As he often does, Mr. Trump flavored his comments with multiple false claims. Among them, he said that the United States has contributed three times as much aid to Ukraine since the war started as Europe has. In fact, according to the Kiel Institute for the World Economy, Europe has allocated $138 billion compared with $119 billion from the United States.
He also denigrated President Volodymyr Zelensky of Ukraine, saying more than once that “he’s down at 4 percent in approval rating.” In fact, Mr. Zelensky’s approval rating has fallen from its once-stratospheric heights, but only to around 50 percent — not that different from Mr. Trump’s own.
Mr. Trump also agreed with a Russian talking point that Ukraine should have new elections to play a part in negotiations. “Yeah, I would say that when they want a seat at the table, you could say the people have to — wouldn’t the people of Ukraine have to say, like, you know, it’s been a long time since we had an election?” he said. “That’s not a Russia thing. That’s something coming from me and coming from many other countries also.”
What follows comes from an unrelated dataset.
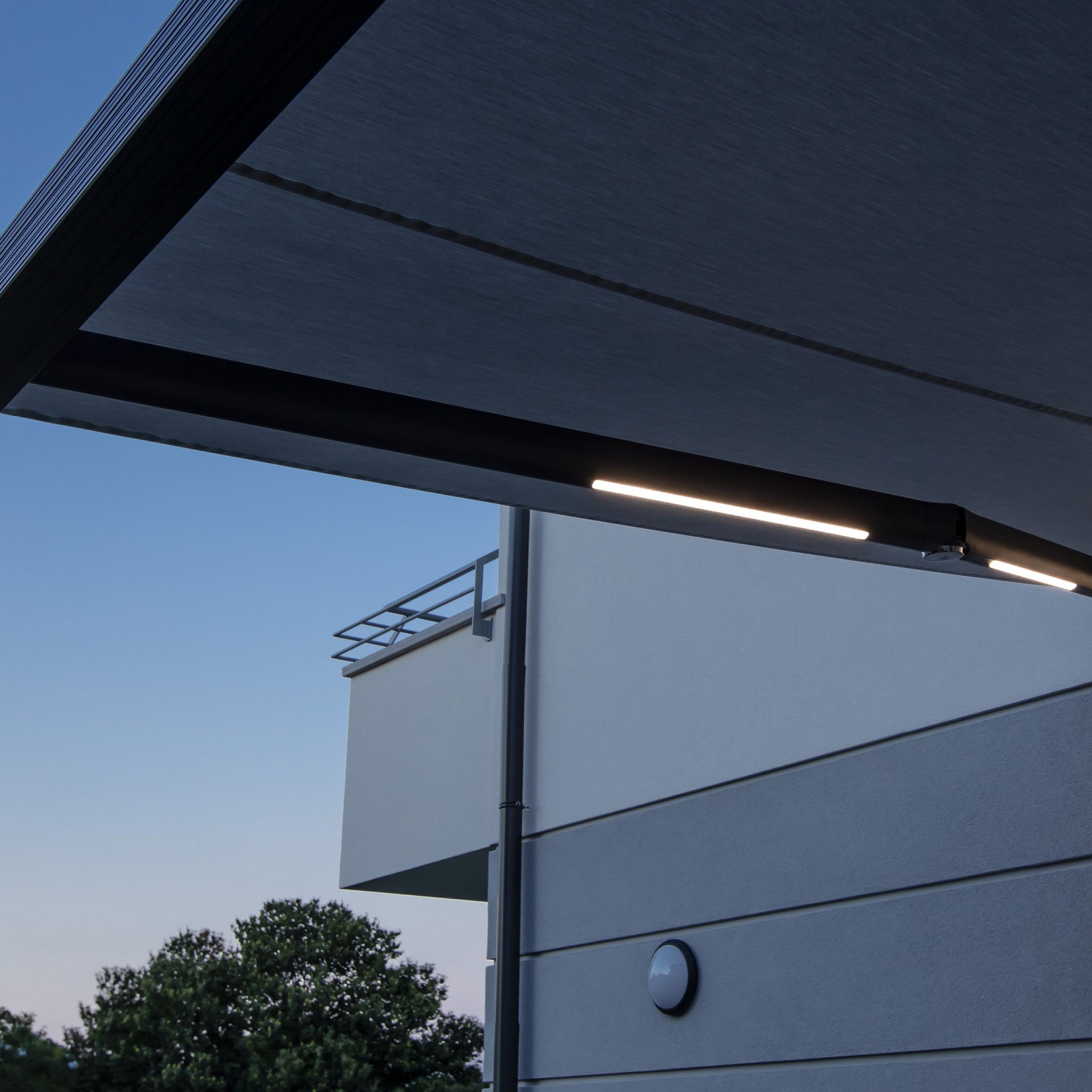 Pergola bioclimatica autoportante in alluminio dal design ricercato e innovativo. Gronda perimetrale da 20 x 20 cm con raccolta acqua integrata nei montanti di forma triangolare. Copertura a lamelle in alluminio da L 22 cm x H 4 cm orientabili da 0° a 140°, complete di guarnizioni e gronde scarico acqua laterale.Dimensioni massime realizzabili in modulo unico L 4,50 x S 5,00 m con quattro montanti perimetrali triangolari da 20 x 20 cm. Funzionamento esclusivo a motore lineare a bassa tensione. La struttura offre optional aggiuntivi, come luci LED o teli a drappeggio, in grado di creare sinergie tra il nuovo ambiente e quello circostante, che generano nuove soluzioni ogni volta originali e personalizzate. I profili portanti consentono l’applicazione di vetrate scorrevoli.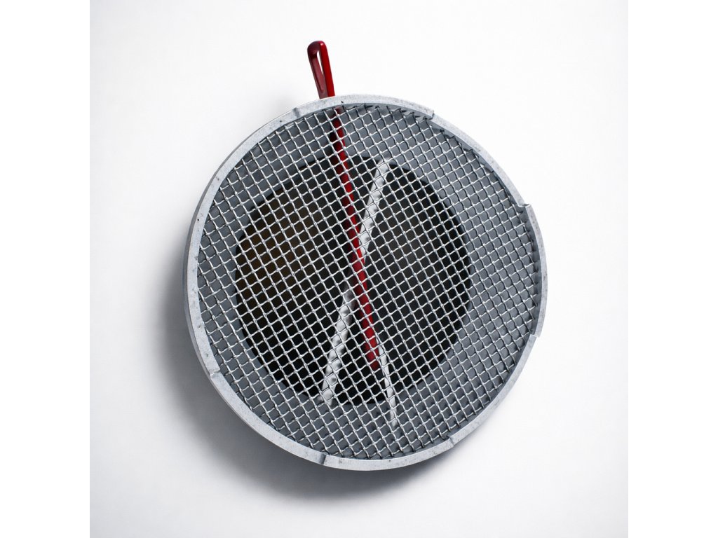 Trychtýř s vnějším průměrem 220 mm a nerezovým sítem 10 x 10 nebo 5 x 5 mm a eloxovanou páčkou v červené, modré nebo černé barvě.

What other countries he did not say. Nor did he say anything about the need for elections in Russia, where any voting is controlled by the Kremlin and its allies.
Mr. Trump’s remarks were not scripted and came in response to questions by reporters. But they reflected how he sees the situation and foreshadowed the next few months. They also sent fresh shock waves through Europe, which is coming to grips with the fact that its chief ally in the new cold war no longer sees itself that way.
“Some of the most shameful comments uttered by a president in my lifetime,” Ian Bond, deputy director of the Center for European Reform in London, wrote online. “Trump is siding with the aggressor, blaming the victim. In the Kremlin they must be jumping for joy.”